Deep Dive into Druid Metrics
It is critical to set up proper monitoring for a large distributed system. Even a single slow node can slow the entire cluster down. Apache Druid generates hundreds of metrics related to queries, ingestion, and coordination at each node, which need to be analyzed for query performance, identifying bad nodes, finding bottlenecks, and identifying slow queries.
This talk covers commonly used reference architectures and open source tools including Prometheus and dogfooding to a separate Druid cluster. We will also share sample pipelines and dashboards on how you can best store and analyze Druid metrics.
Nishant Bangarwa is Co-founder and Head of Engineering at Rill Data. He is an active open-source contributor and a PMC member of Apache Druid and Apache Superset. He is also a committer in Apache Calcite and Apache Hive.
Neil Buesing is a Principal Solutions Architect at Rill Data, helping customers build out their streaming pipelines. As a Confluent Community Catalyst '21–'22, his development focus is on Apache Kafka and is a frequent presenter at Kafka Summit Conferences and meetups.
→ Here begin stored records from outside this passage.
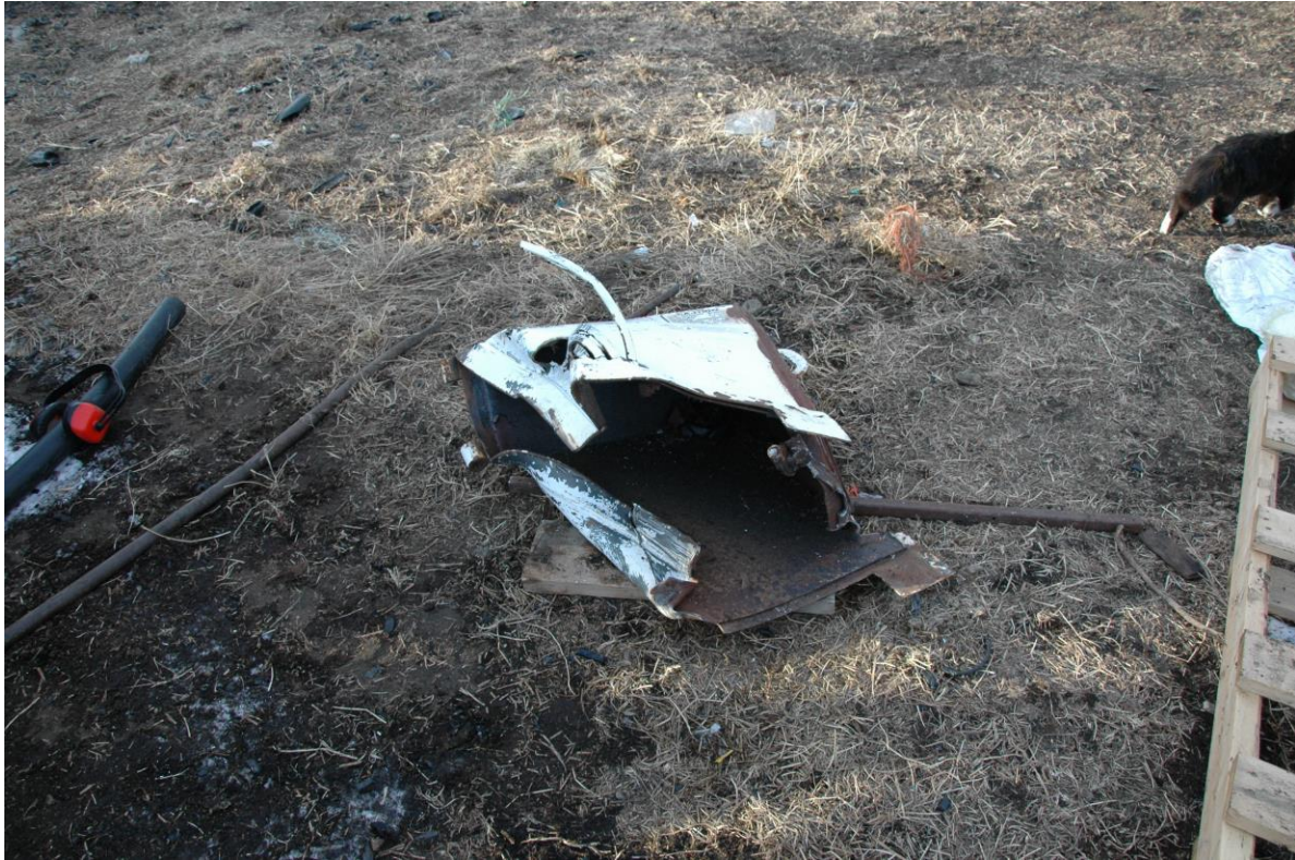
Photograph 4 – Shows the guard.
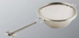
Everyday Matcha Sifter
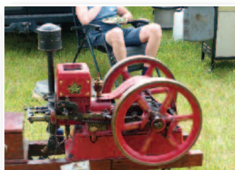
Acadia 2 HP Petrol made in the 1920's

Here we look at the over looked stationary engine section that I though was down from previous years.
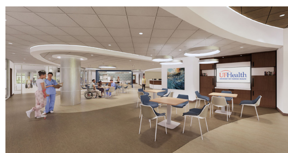
Renderings show exterior and interior views for the new hospital tower.
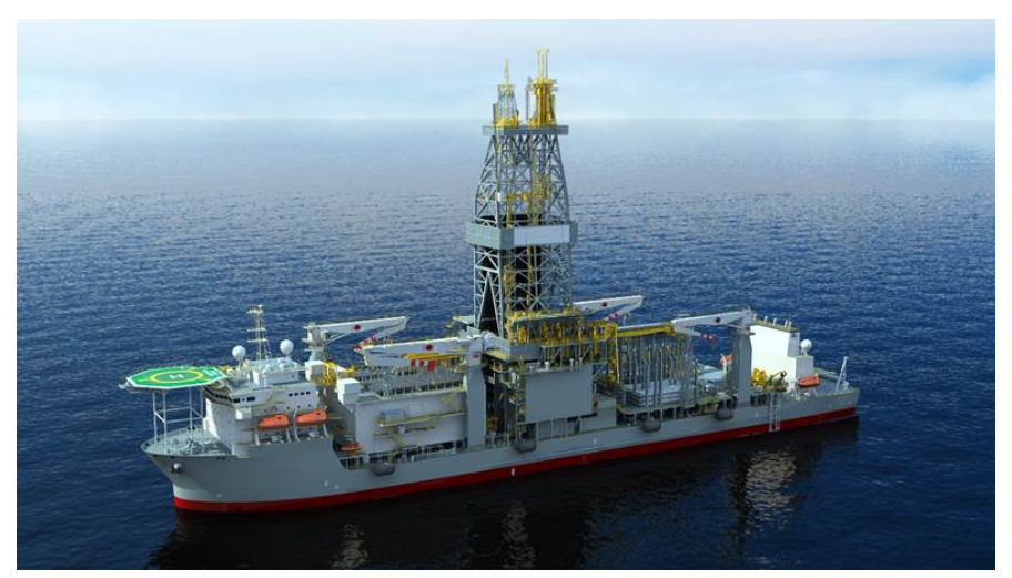
The Atwood Achiever Deepwater Drillship

The Mazagan permit covers an area of 8,717 km<sup>2</sup> and is located off the Atlantic coast of Morocco, in water depths of 1,370-3,000 metres. The Mazagan permit contains significant potential, including Miocene, Cretaceous and Jurassic targets. DeGolyer & MacNaughton has estimated total mean unrisked prospective resources of 7,017 mmbo (net 1,614 mmbo to Pura Vida)* (reference: ASX announcement 21 September 2012).
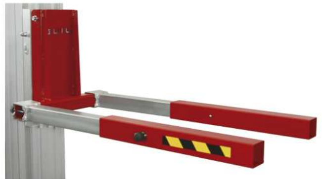
ACT-02 FORK LENGTHENERS

The Importance of Exactly Once Semantics for Analytics Processing
Apache Druid and Apache Kafka work well together for time-series analytics. Leveraging Kafka Streams (and KsqlDB as an implementation of Kafka Streams) with Druid leads to rich datasets. Apache Druid’s Kafka Consumer maintains offsets within Druid however, this alone is not enough when your additional stream processing happens outside of Druid.
This talk includes a demonstration showcasing the importance of exactly-once semantics (EOS) along with design considerations of where to put stream processing; leveraging Kafka Streams for performing aggregations and enrichments.